Exercise brief:
A faithful copy of the data is the goal; set it down exactly, without the images.

Data supplied:

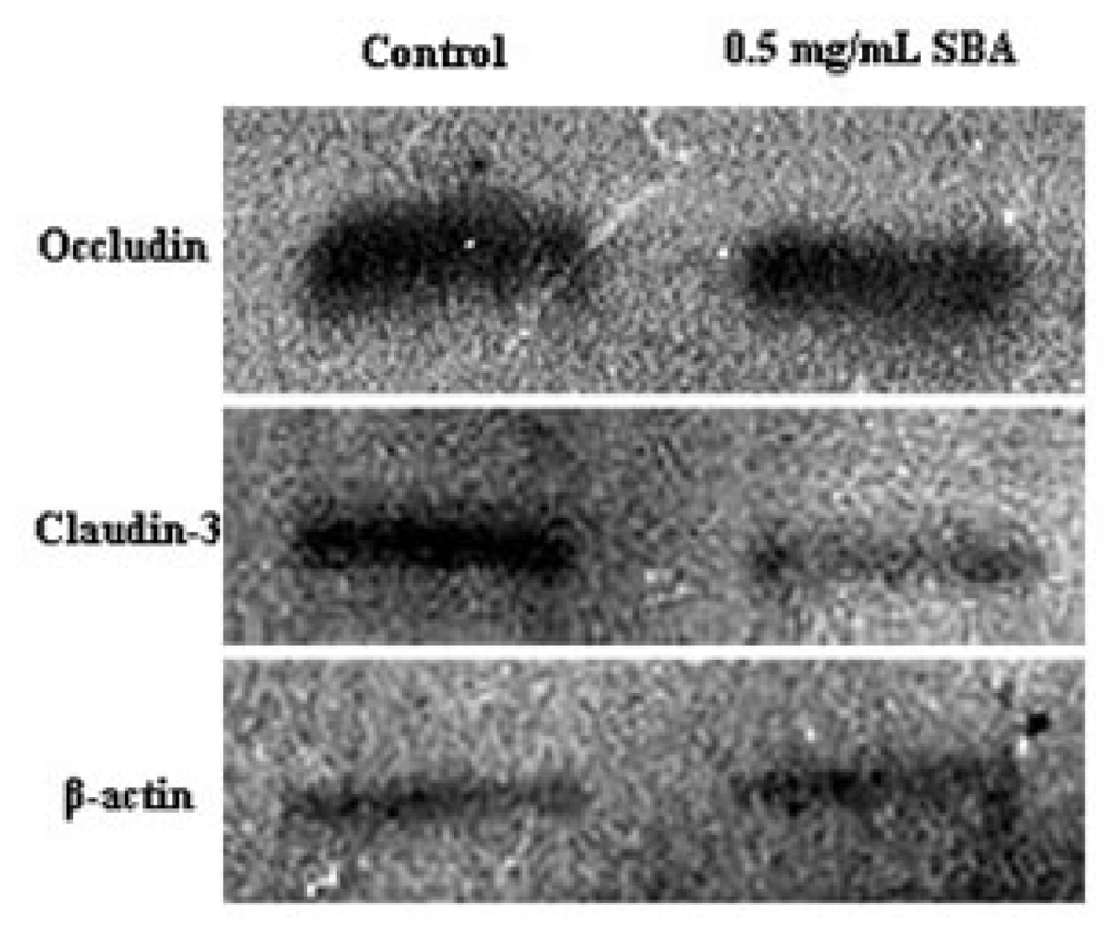 Western blotting of tight junction proteins following SBA treatment. Fifteen microliters of 0 (Control) or 0.5 mg/mL SBA-treated total protein extracts were analyzed by immunoblotting with antibodies for occludin and claudin-3. β-actin was used as a loading control. Representative western blots from 4 independent experiments are shown.
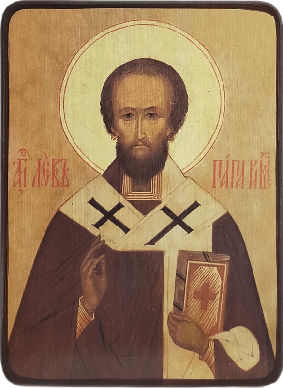 Святитель Лев, папа Римский (440-461 гг.) известен был своим благочестием и ученостью. Как истинный пастырь, он неустанно защищал Православное учение. Он принял личное участие в осуждении ереси Евтихия на Четвертом Вселенском соборе в городе Халкидоне. В 452 году святой Лев силой своего слова удержал Аттилу, предводителя гуннов, от разорения Рима, а в 455 году убедил Гензериха, короля вандалов, не проливать кровь и не предавать Рим огню. За свою успешную защиту и благочестие Православия его назвали "великим". Скончался он в 461 году, оставив после себя послание к Флавиану, патриарху Цареградскому, о двух природах (естествах) Иисуса Христа - Божеской и человеческой. Кроме того дошло до нас около 100 простых, но сильных его проповедей и около 140 писем к разным лицам, богатых психологическими наблюдениями. Мощи святителя Льва почивают в приделе его имени в Ватиканском соборе в Риме.
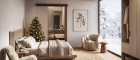 Minimalistisches Wohn-Schlaf-Zimmer mit bodentiefen Fenstern
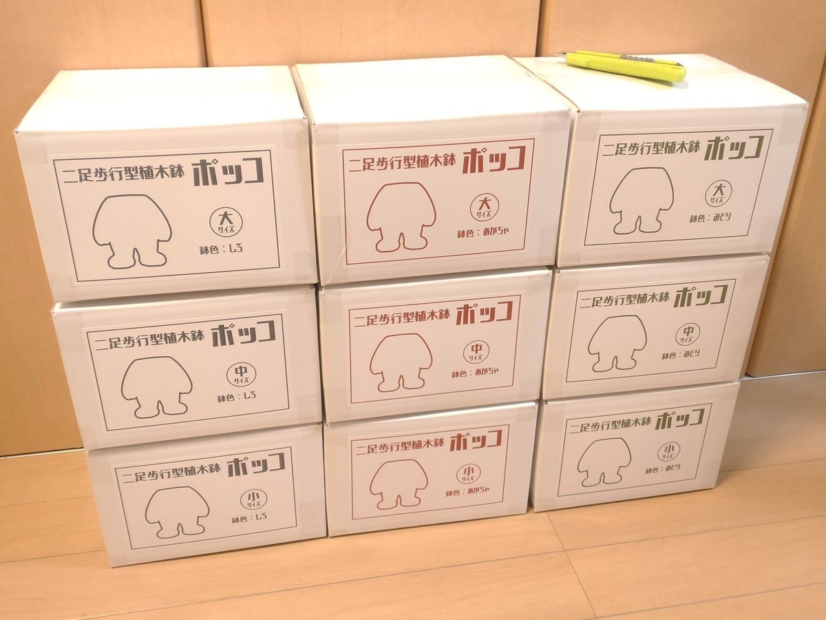 これがポッコの3サイズ×3カラーと箱。サイズ違いでも同じ箱ですね。 #二足歩行型植木鉢
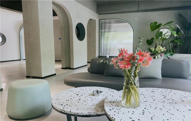 一樓整個公共開放區域每個角落都可以出片,桌上點綴的鮮花與周圍綠植相映成趣。
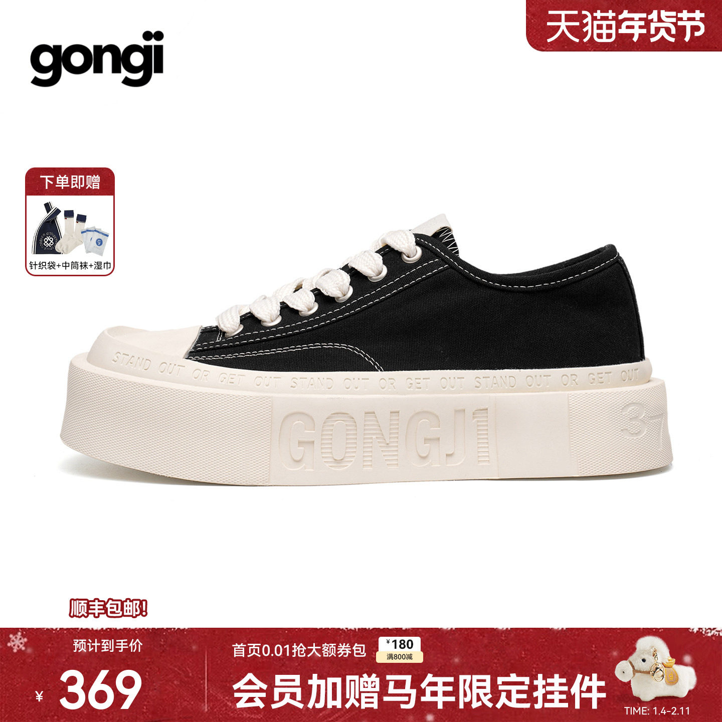 【Mencius Ziyi's same style】GONGJI square-toed platform canvas shoes, women's national trend, niche design board shoes, white shoes
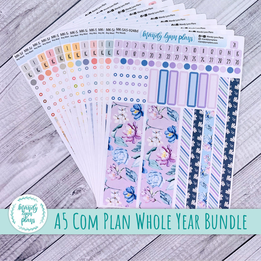 This listing is for a whole year bundle of 12 any month monthly kits designed for the A5 Common Planner. These monthly kit can be used any month. The washi strips are cut into boxes so that you can use them wherever you need to for any month.

Result of the task:
 Western blotting of tight junction proteins following SBA treatment. Fifteen microliters of 0 (Control) or 0.5 mg/mL SBA-treated total protein extracts were analyzed by immunoblotting with antibodies for occludin and claudin-3. β-actin was used as a loading control. Representative western blots from 4 independent experiments are shown.
 Святитель Лев, папа Римский (440-461 гг.) известен был своим благочестием и ученостью. Как истинный пастырь, он неустанно защищал Православное учение. Он принял личное участие в осуждении ереси Евтихия на Четвертом Вселенском соборе в городе Халкидоне. В 452 году святой Лев силой своего слова удержал Аттилу, предводителя гуннов, от разорения Рима, а в 455 году убедил Гензериха, короля вандалов, не проливать кровь и не предавать Рим огню. За свою успешную защиту и благочестие Православия его назвали "великим". Скончался он в 461 году, оставив после себя послание к Флавиану, патриарху Цареградскому, о двух природах (естествах) Иисуса Христа - Божеской и человеческой. Кроме того дошло до нас около 100 простых, но сильных его проповедей и около 140 писем к разным лицам, богатых психологическими наблюдениями. Мощи святителя Льва почивают в приделе его имени в Ватиканском соборе в Риме.
 Minimalistisches Wohn-Schlaf-Zimmer mit bodentiefen Fenstern
 これがポッコの3サイズ×3カラーと箱。サイズ違いでも同じ箱ですね。 #二足歩行型植木鉢
 一樓整個公共開放區域每個角落都可以出片,桌上點綴的鮮花與周圍綠植相映成趣。
 【Mencius Ziyi's same style】GONGJI square-toed platform canvas shoes, women's national trend, niche design board shoes, white shoes
 This listing is for a whole year bundle of 12 any month monthly kits designed for the A5 Common Planner. These monthly kit can be used any month. The washi strips are cut into boxes so that you can use them wherever you need to for any month.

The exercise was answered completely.